From Symbolic to Natural-Language Relations: Rethinking Knowledge Graph Construction in the Era of Large Language Models
Kanyao Han, Yushang Lai

TL;DR
This paper advocates for transitioning from symbolic relation schemas to natural-language relation descriptions in knowledge graphs, leveraging LLMs for more nuanced, context-aware, and flexible relational representations.
Contribution
It introduces a hybrid design approach that maintains a minimal structure while enabling richer, context-sensitive relation representations using natural language.
Findings
Highlights limitations of symbolic relation schemas in KGs.
Proposes a shift to natural-language relation descriptions.

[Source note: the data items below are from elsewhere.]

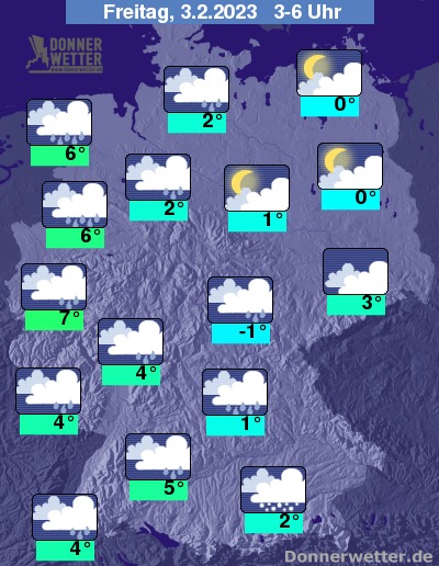 In der kommenden Nacht zieht zunächst im Westen und Südwesten kompakte Bewölkung und Regen, teils Schneeregen auf, der sich im Laufe der Nacht weiter nach Osten hin ausbreitet. Über Bayern und Thüringen fallen die Niederschläge zum teils auch als Schnee. Gegen Morgen ist es dann lediglich im Osten und Nordosten noch weitgehend trocken. Die Temperatur sinkt auf 7 Grad in Köln und -1 Grad in Jena.
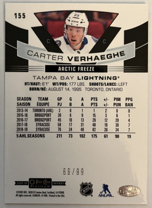 2019-20 Carter Verhaeghe OPC Platinum Arctic Freeze Marquee Rookies #/99
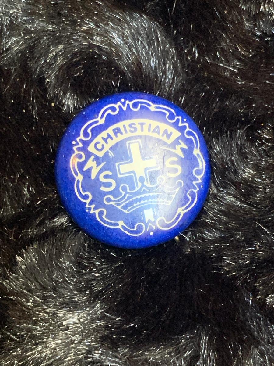 Antique Christian SS Sunday School Button Pinback Little System Cross + Crown
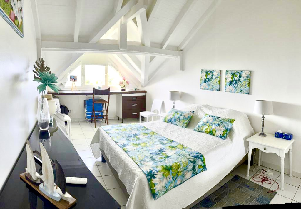 ANSE DES ROCHERS VUE MER : 1/4 de villa étage de 34 m2 (terrasse comprise) meublé, avec accès plage, piscine...
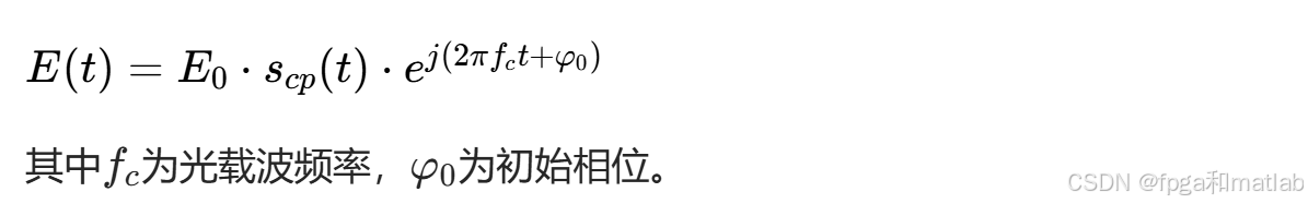 将离散时域信号scp[n]通过数模转换器(DAC)转换为模拟信号,再通过电光调制器(EOM)将电信号加载到光载波上,生成光OFDM信号送入光纤传输。光载波的电场表达式为:
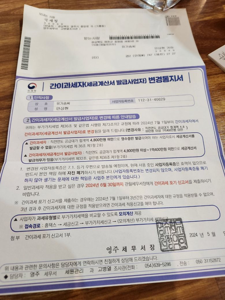 계산서 발급가능한 간이과세자로 변경된다고 하는 것같은데
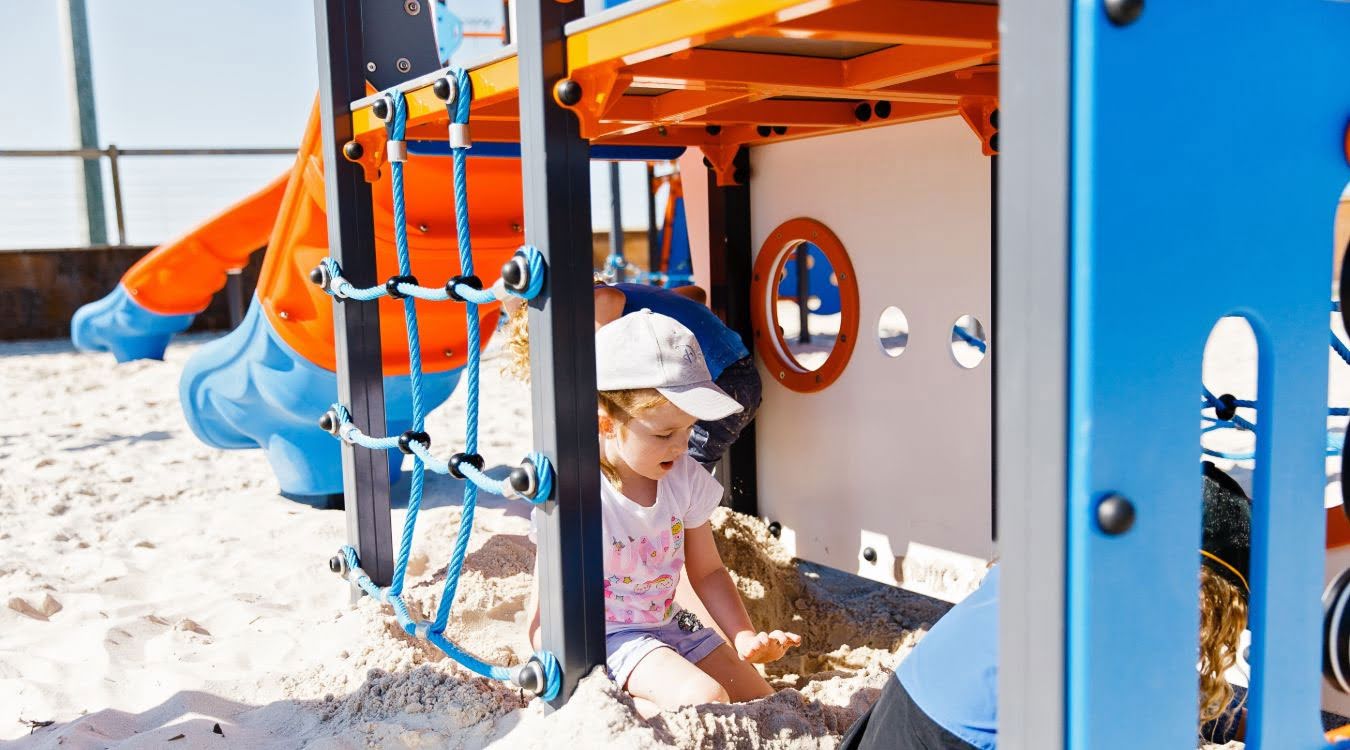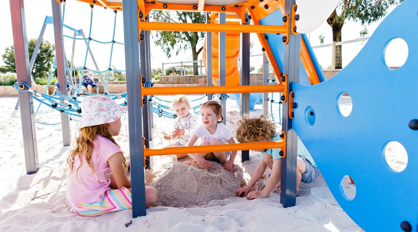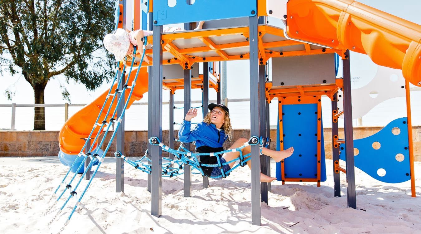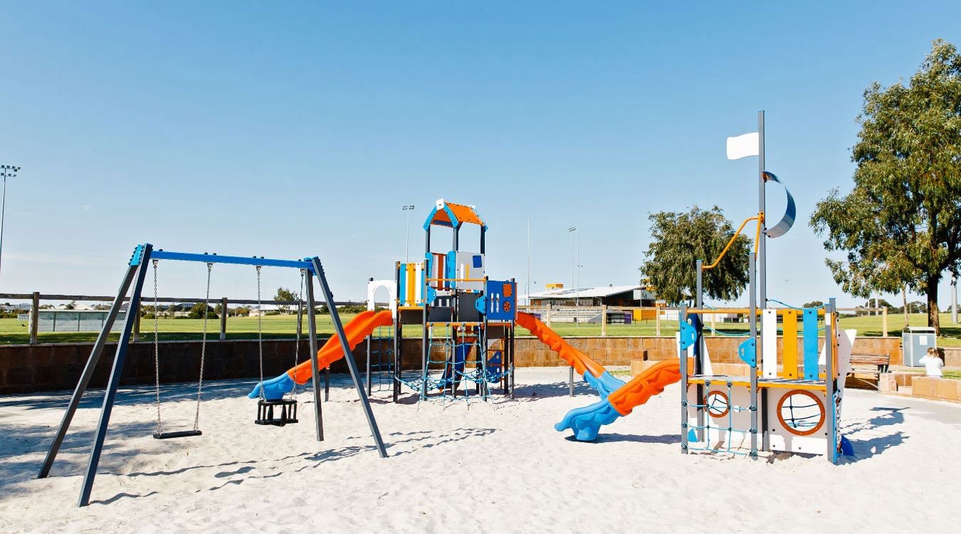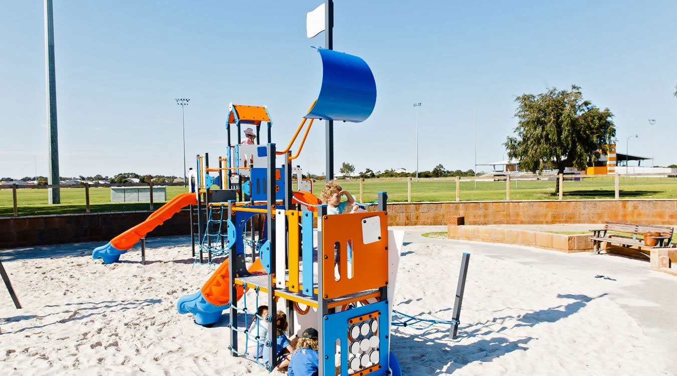 Larkhill Park was a design and construct project that formed part of the City of Rockingham’s 2018/19 Playground Asset Renewal Program. The brief for this project was to include multi combination units and a swing set. We opted to design a nautical theme inspired play space, with the park located in coastal location within a state-of-the-art sporting complex. Captains of all ages can set sail across a sea of imagination between the two play units. The main structure has upper and lower decks with rope nets situated under the decks of the play equipment to simulate sleeping hammocks which will encourage hours of social play. Little sailor mates can make their way onboard the Junior FTA-027 sailor’s boat via a climbing net and stairs, where they can engage in social play, role play and dramatic play. The unit also has integrated port holes allowing sailing adventurers to gaze out to sea while their deck mates steer the little boat to dry land. Other elements of the playground include a double bay swing equipped with a toddler and junior swing seat.
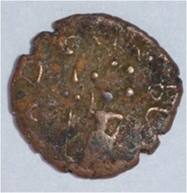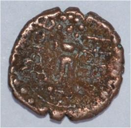 Coin in irregular shape. Obverse Five headed male Kartikeya standing and facing. Sakti in right hand and left hand on hip. Traces of legend in semi-circle. Reverse Six arched hill with umbrella on the right, nandi pada above, seven headed female shashthi standing and facing, right hand upraised and left hand on hip. Tree in railing with three horizontal branches with short vertical leaves in left.
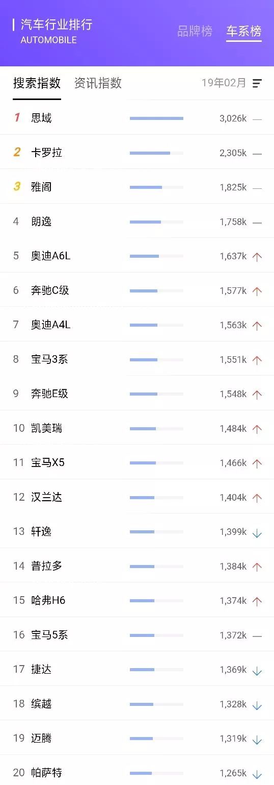 在2月的车系榜中我们可以看到,思域排名第1,卡罗拉、雅阁、朗逸、奥迪A6L紧随其后,6-10名分别是奔驰C级、奥迪A4L、宝马3系、奔驰E级和凯美瑞。
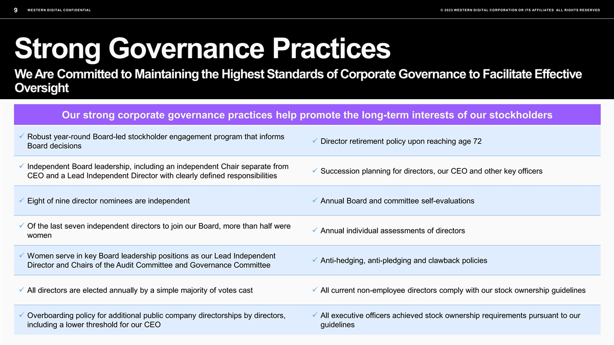 WESTERN DIGITAL CONFIDENTIAL © 2023 WESTERN DIGITAL CORPORATION OR ITS AFFILIATES ALL RIGHTS RESERVED 9 Strong Governance Practices We Are Committed to Maintaining the Highest Standards of Corporate Governance to Facilitate Effective Oversight Our strong corporate governance practices help promote the long-term interests of our stockholders ü Robust year-round Board-led stockholder engagement program that informs ü Director retirement policy upon reaching age 72 Board decisions ü Independent Board leadership, including an independent Chair separate from ü Succession planning for directors, our CEO and other key officers CEO and a Lead Independent Director with clearly defined responsibilities ü Eight of nine director nominees are independent ü Annual Board and committee self-evaluations ü Of the last seven independent directors to join our Board, more than half were ü Annual individual assessments of directors women ü Women serve in key Board leadership positions as our Lead Independent ü Anti-hedging, anti-pledging and clawback policies Director and Chairs of the Audit Committee and Governance Committee ü All directors are elected annually by a simple majority of votes castü All current non-employee directors comply with our stock ownership guidelines ü Overboarding policy for additional public company directorships by directors, ü All executive officers achieved stock ownership requirements pursuant to our including a lower threshold for our CEO guidelines
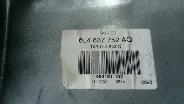 ELEVALUNAS DELANTERO DERECHO para SEAT IBIZA (6L1) con motor ATD.. Referencia: 6L4837752AQ – 00043-18 – 6L4837756 SIN MOTOR. Año de la pieza: 2003.
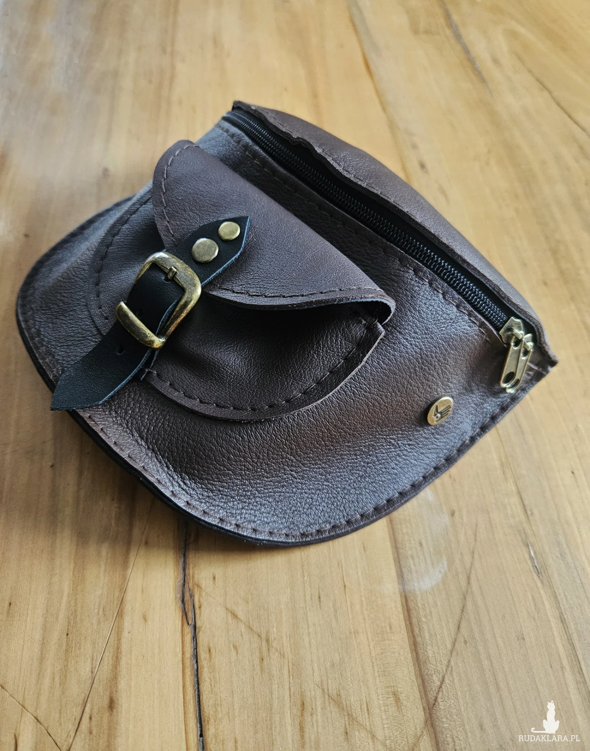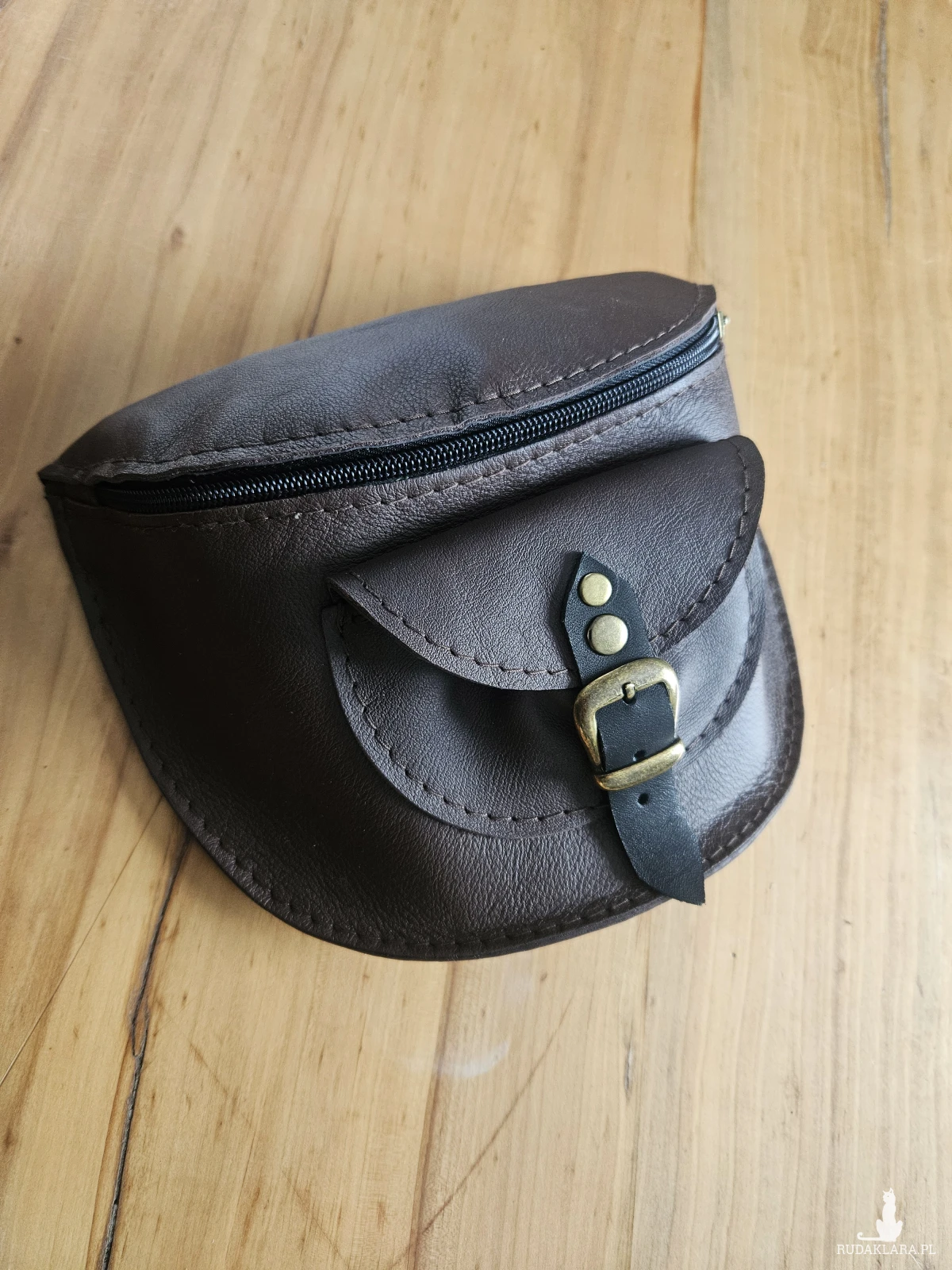 Praktyczna torebka na pas uszyta z brązowej skóry naturalnej, licowej w odcieniu ciemnej czekolady. Niewielka ale pojemna, pomieści telefon, portfel, chusteczki i najpotrzebniejsze kosmetyki. Z tyłu jedna, a z przodu dwie niewielkie kieszenie. Wewnątrz przegródka. Sprzedawana w komplecie z regulowanym paskiem zapinanym na karabińczyki. Można ją nosić również na ramieniu. Wymiary: 21/17cm.

Suggests hybrid design principles for flexible KG construction.
Abstract
Knowledge graphs (KGs) have commonly been constructed using predefined symbolic relation schemas, typically implemented as categorical relation labels. This design has notable shortcomings: real-world relations are often contextual, nuanced, and sometimes uncertain, and compressing it into discrete relation labels abstracts away critical semantic detail. Nevertheless, symbolic-relation KGs remain widely used because they have been operationally effective and broadly compatible with pre-LLM downstream models and algorithms, in which KG knowledge could be retrieved or encoded into quantified features and embeddings at scale. The emergence of LLMs has reshaped how knowledge is created and consumed. LLMs support scalable synthesis of domain facts directly in concise natural language, and prompting-based inference favors context-rich free-form text over quantified representations. This…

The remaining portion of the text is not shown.